Assume there is a non-differentiable
nn.Parameter in an equation whose gradient needs to be estimated using a straight-through estimator (STE) before the parameter can be updated. For example,
y = 0.5(|x| - |x - alpha| + alpha)
y_q = round(y * (2 ** k - 1) / alpha) * alpha / (2 ** k - 1).
In this equation,
alpha is a trainable parameter and the derivative of
alpha needs to be estimated using an STE.

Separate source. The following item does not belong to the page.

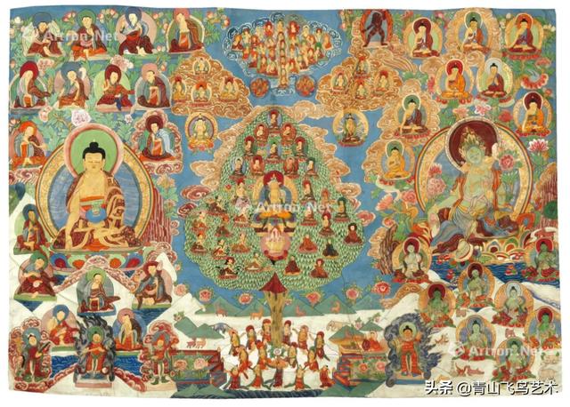 宗喀巴大师的平生,在学问修持各方面都具有很高的造诣。对于教理,他总结大小乘、显密一切教诫理论,而自成一家之言。他一方面有囊括大典、网罗众家的气度,一方面又以深刻谨严的态度执择佛教各宗的见地,以中观为正宗,以月称为依止。他对于戒律,能矫正旧派佛教的流弊。他所创的格鲁派至今为我国藏地第一大教派。藏语系统的佛教徒,大多崇奉他为教主。此组唐卡画面中央为神圣的宗喀巴大师,整组画面在施色方面有独特的讲究,重彩底色约分为红、黑、蓝、金、银多种,均为纯天然矿物颜料。红唐卡绘佛本生故事,画面风格颇显富贵。黑唐卡绘护法神、金刚一类镇妖降魔的内容,并施金色勾线,画面威严庄重。蓝唐卡则绘欢喜佛、胜乐金刚一类题材,有吉祥喜庆之美好寓意。此组唐卡大量使用了金银彩,画面富贵典雅,色彩金碧辉煌。画面底色还随“地界”至“天界”的内容变化而变化;到了天界,便是一片湛蓝的底色。此外,白色底被作为表现神佛容貌、性格的一种手段,因此常以白色表现平静、和蔼、善良;红色和深蓝色表现强悍好斗、凶猛狰狞(愤怒相),有的常常巧妙地把大块的红色、绿色、青色和蓝色并列使用;金色代表多种颜色,表现出一种神圣的气氛。整组画面富丽堂皇。从绘画上讲,不难看出功力深厚的画匠颇得工笔绘画的深邃,将黄教祖师佛—宗喀巴大师的无上神圣表现的淋漓尽致。其中更为精彩的是每一张唐卡在局部都有画匠用金彩书写的藏文故事,这更加体现出此组唐卡的神圣色彩!整组唐卡张张交相辉映,这种金绘唐卡难度极大,如此之精妙且成套者,极为罕见,15件成组保存完好,可谓藏传唐卡艺术中的神品!
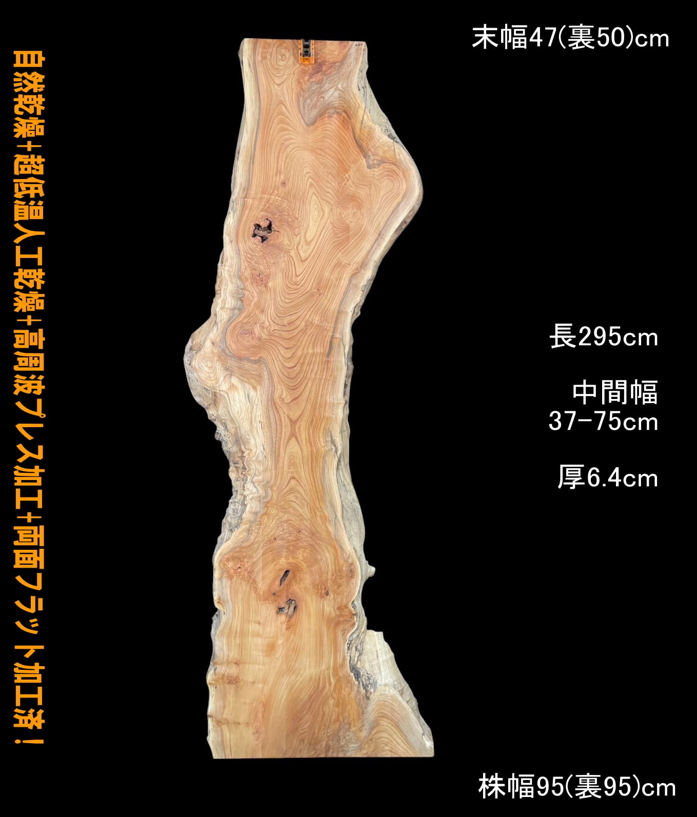 寸法:長295cm× 末幅47cm(裏50cm) ~中間幅37-75cm ~ 株幅95cm(裏95cm)× 厚6.4cm 約84kg

How can I define the approximated gradient and use it in an
optimizer to update the parameter along with the rest of parameters in the network?
Note that it should likely be
I like the trick of
y_q_diffable = y + (y_q - y).detach(). (In fact, I once proposed to give a lightning talk just on this line of code and whereit is useful.)
I always like to credit
@hughperkins for sharing the trick here on the forums when he seen it in a paper and he knows a ton references for applications, too.
Yes, you’re right. It should be
Do you mind explaining this trick a little bit more in detail?
y_q_diffable is y_q ( = y + y_q - y) for the forward. But during backwards, the gradients propagate as if y_q_diffable were y.
y = tf.stop_gradient(y_hard - y) + y
Whoa, that’s so clever. I had to stare at that for ages before finally figuring that out. So cool . So, the result of this is:
y is pure one-hot, in terms of value (since we add the soft y, and then subtract it again
the gradients are those of soft y (since all the other terms in this expression have their gradient stripped)
@tom I am curious, did you prepare that talk in the end? Would you mind sharing some references for applications?
No, I didn’t, but my favourite application that I use in my autograd course is to emulate quantization aware training with it. The course are not freely available, but the particular example is also included in the
ACDL “Advanced introduction to PyTorch” talk of which I published the slides. I don’t know of any video recording and there wasn’t enough interest to re-record it back then.